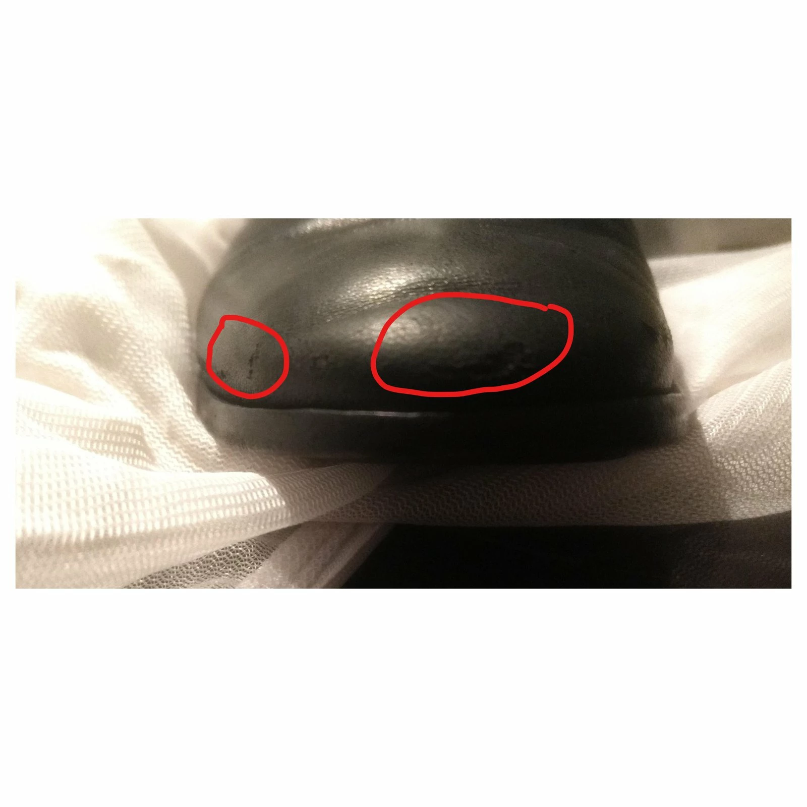 Some damage on the nose (see picture) and alongside the bottom of the shoe (I dyed it with leather paint to cover it up). Fits a normal size 38.5 or 39.
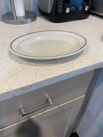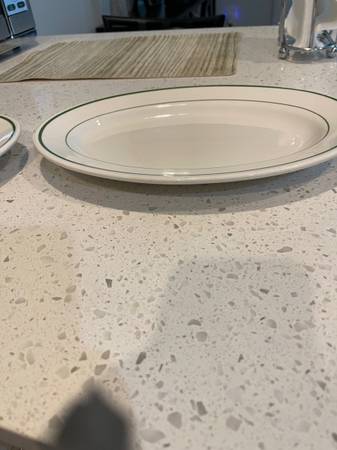 2 Oval Plates: flat white with green trim oval.
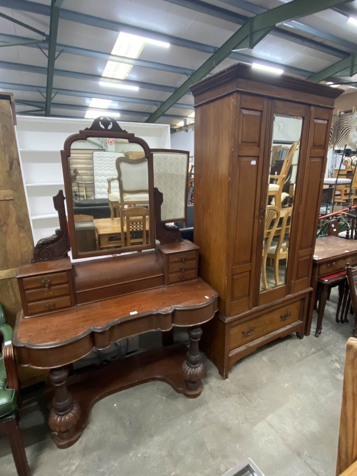 Victorian mahogany Duchess dressing table 180H 120W 50D & a Victorian satinwood mirrored wardrobe 200H 101W 46D
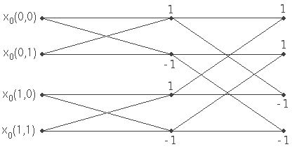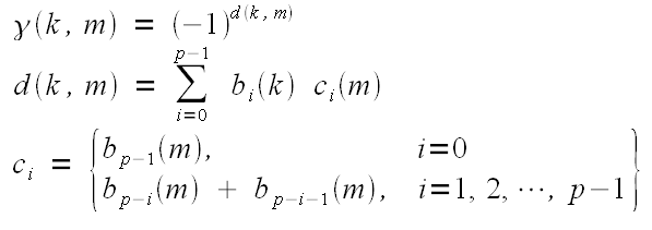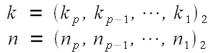 Nはサンプル点の数である。pはNの2のp乗の係数であり、bi(k)はkを2値表現にしたときの2のi乗の係数である。
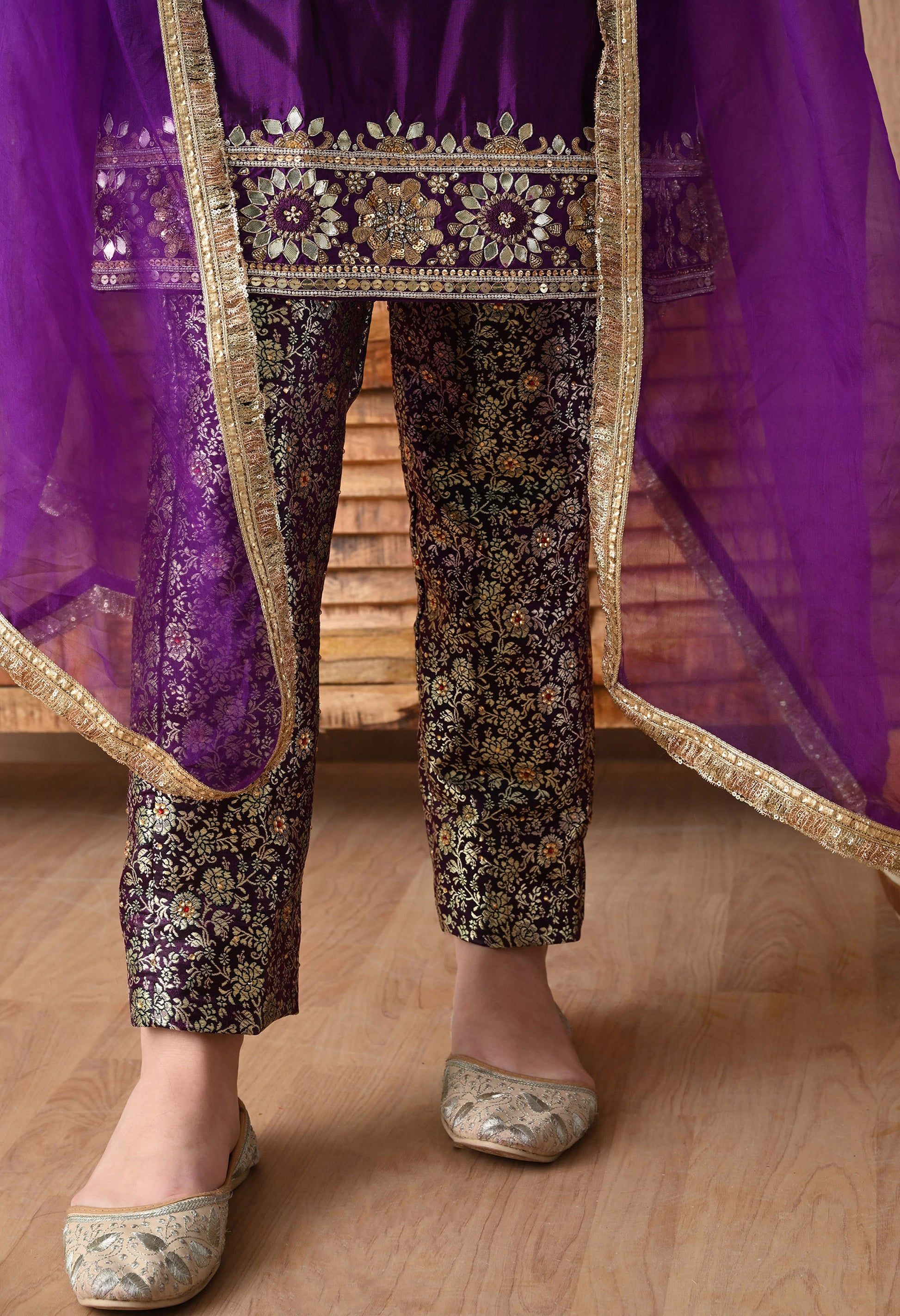 Exude grace in our purple Kurta Set, featuring a flowing organza dupatta, a meticulously embroidered silk kurta, and a beautifully tailored banarsi bottom. Adorned with exquisite gota patti, zardozi, and sequin work, this ensemble is a statement of timeless sophistication. Shine effortlessly!

........

Please output the entries above exactly, leaving out every picture.

Exercise output
 Some damage on the nose (see picture) and alongside the bottom of the shoe (I dyed it with leather paint to cover it up). Fits a normal size 38.5 or 39.
 2 Oval Plates: flat white with green trim oval.
 Victorian mahogany Duchess dressing table 180H 120W 50D & a Victorian satinwood mirrored wardrobe 200H 101W 46D
 Nはサンプル点の数である。pはNの2のp乗の係数であり、bi(k)はkを2値表現にしたときの2のi乗の係数である。
 Exude grace in our purple Kurta Set, featuring a flowing organza dupatta, a meticulously embroidered silk kurta, and a beautifully tailored banarsi bottom. Adorned with exquisite gota patti, zardozi, and sequin work, this ensemble is a statement of timeless sophistication. Shine effortlessly!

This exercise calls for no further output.